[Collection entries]
= = = = =
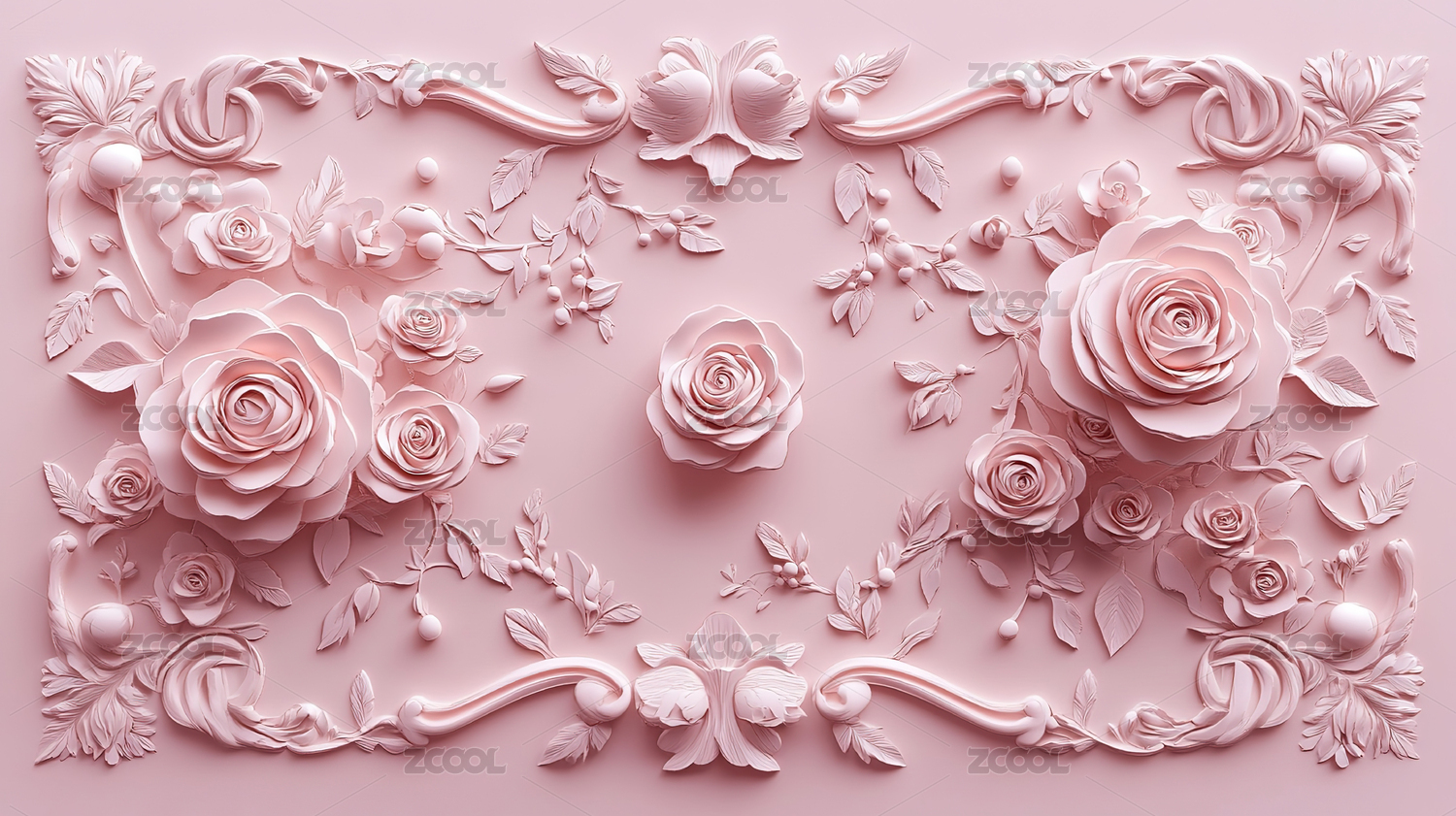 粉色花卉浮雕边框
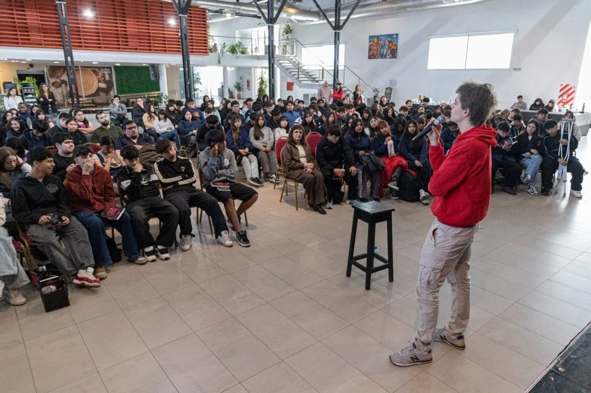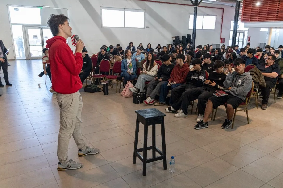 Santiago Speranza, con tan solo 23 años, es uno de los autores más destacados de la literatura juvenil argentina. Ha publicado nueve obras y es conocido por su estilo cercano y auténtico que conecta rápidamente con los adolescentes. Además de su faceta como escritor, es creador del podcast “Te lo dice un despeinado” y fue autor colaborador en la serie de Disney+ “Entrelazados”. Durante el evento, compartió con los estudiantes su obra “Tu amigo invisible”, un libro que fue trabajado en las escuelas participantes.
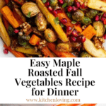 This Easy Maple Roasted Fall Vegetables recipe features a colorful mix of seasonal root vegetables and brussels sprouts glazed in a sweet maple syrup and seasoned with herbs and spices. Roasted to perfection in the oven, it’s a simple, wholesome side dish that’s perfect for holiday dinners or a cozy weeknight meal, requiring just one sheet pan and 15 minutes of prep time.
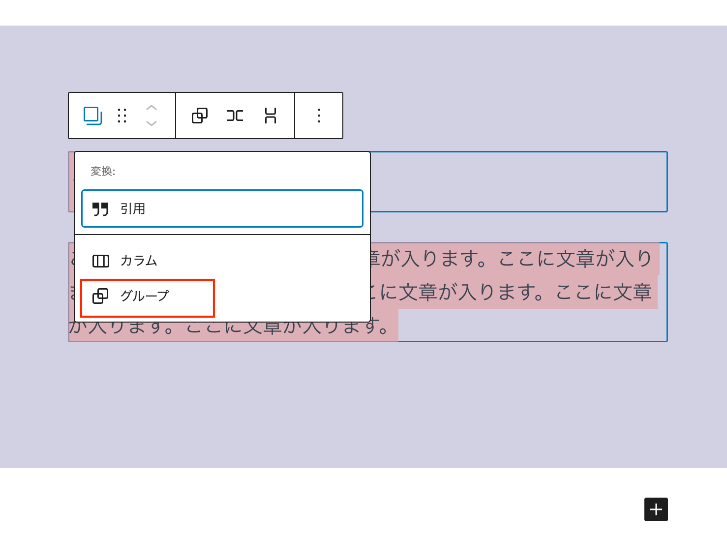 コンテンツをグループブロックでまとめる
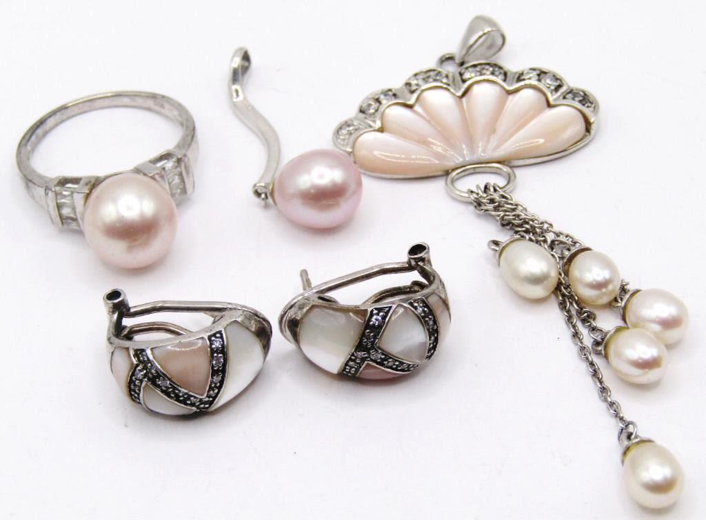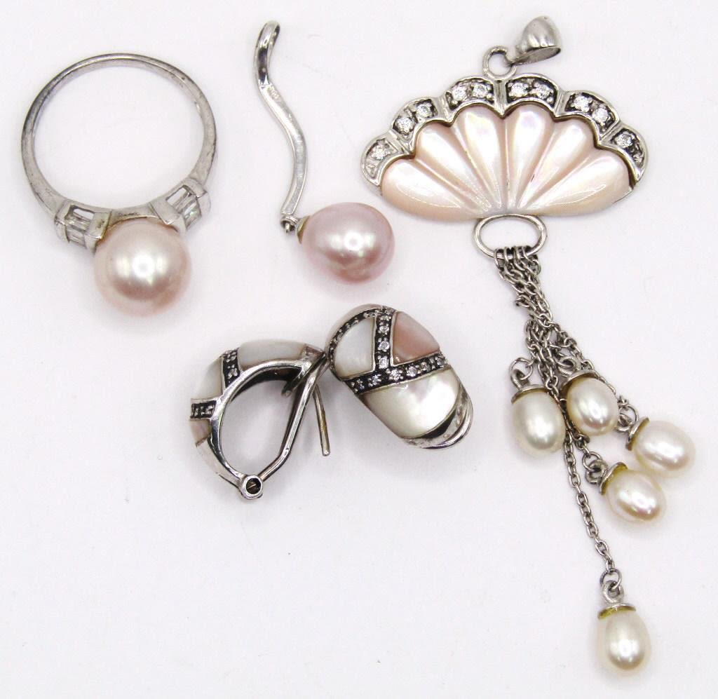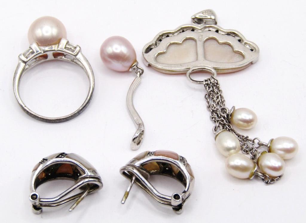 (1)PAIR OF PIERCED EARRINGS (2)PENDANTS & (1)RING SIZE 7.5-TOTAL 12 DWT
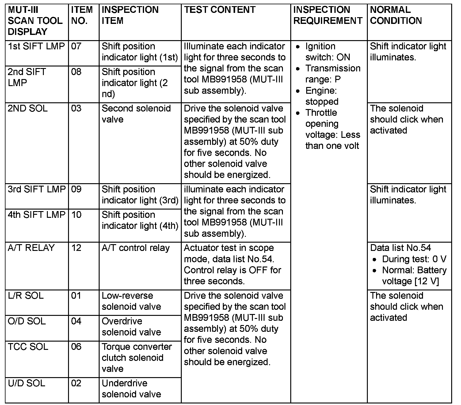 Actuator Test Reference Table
= = = = =
_Aim of the task_: Every entry above should be given again exactly, with no images included.

_Solved exercise_:
 粉色花卉浮雕边框
 Santiago Speranza, con tan solo 23 años, es uno de los autores más destacados de la literatura juvenil argentina. Ha publicado nueve obras y es conocido por su estilo cercano y auténtico que conecta rápidamente con los adolescentes. Además de su faceta como escritor, es creador del podcast “Te lo dice un despeinado” y fue autor colaborador en la serie de Disney+ “Entrelazados”. Durante el evento, compartió con los estudiantes su obra “Tu amigo invisible”, un libro que fue trabajado en las escuelas participantes.
 This Easy Maple Roasted Fall Vegetables recipe features a colorful mix of seasonal root vegetables and brussels sprouts glazed in a sweet maple syrup and seasoned with herbs and spices. Roasted to perfection in the oven, it’s a simple, wholesome side dish that’s perfect for holiday dinners or a cozy weeknight meal, requiring just one sheet pan and 15 minutes of prep time.
 コンテンツをグループブロックでまとめる
 (1)PAIR OF PIERCED EARRINGS (2)PENDANTS & (1)RING SIZE 7.5-TOTAL 12 DWT
 Actuator Test Reference Table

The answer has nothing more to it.